_The records_.

Segment Open

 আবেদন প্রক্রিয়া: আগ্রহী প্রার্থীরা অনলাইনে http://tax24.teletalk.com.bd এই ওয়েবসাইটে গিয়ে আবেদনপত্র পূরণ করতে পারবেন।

Segment Closed
Segment Open

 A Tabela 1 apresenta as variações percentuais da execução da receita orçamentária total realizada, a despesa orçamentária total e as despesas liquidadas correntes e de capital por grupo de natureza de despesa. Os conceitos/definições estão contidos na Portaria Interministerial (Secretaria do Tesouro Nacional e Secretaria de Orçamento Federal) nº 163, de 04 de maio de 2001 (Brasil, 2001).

Segment Closed
Segment Open

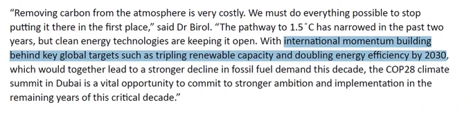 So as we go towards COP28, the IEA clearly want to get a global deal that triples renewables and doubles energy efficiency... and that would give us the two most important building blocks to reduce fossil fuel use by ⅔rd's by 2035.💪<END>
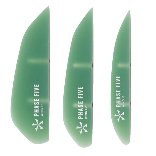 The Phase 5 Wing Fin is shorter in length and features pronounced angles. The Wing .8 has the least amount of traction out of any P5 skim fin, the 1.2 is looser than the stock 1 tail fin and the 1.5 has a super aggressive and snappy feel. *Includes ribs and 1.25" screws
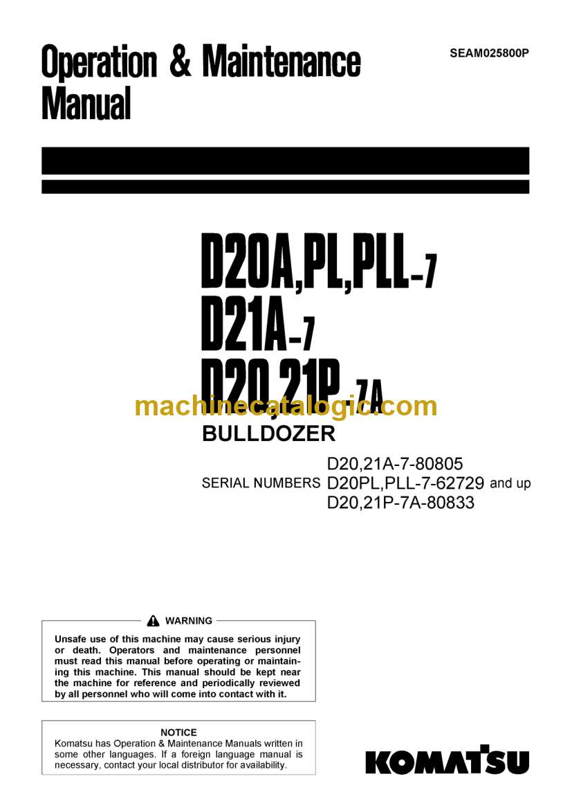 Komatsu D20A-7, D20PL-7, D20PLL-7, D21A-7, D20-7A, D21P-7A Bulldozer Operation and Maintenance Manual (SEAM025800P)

Segment Closed

_Action item_.
Output exactly the lines above, from the line with "The Phase 5" to the line with "Komatsu D20A-7, D20PL-7, D20PLL-7, D21A-7, D20-7A, D21P-7A", both included; skip the pictures.

_Solution for this task_.
 The Phase 5 Wing Fin is shorter in length and features pronounced angles. The Wing .8 has the least amount of traction out of any P5 skim fin, the 1.2 is looser than the stock 1 tail fin and the 1.5 has a super aggressive and snappy feel. *Includes ribs and 1.25" screws
 Komatsu D20A-7, D20PL-7, D20PLL-7, D21A-7, D20-7A, D21P-7A Bulldozer Operation and Maintenance Manual (SEAM025800P)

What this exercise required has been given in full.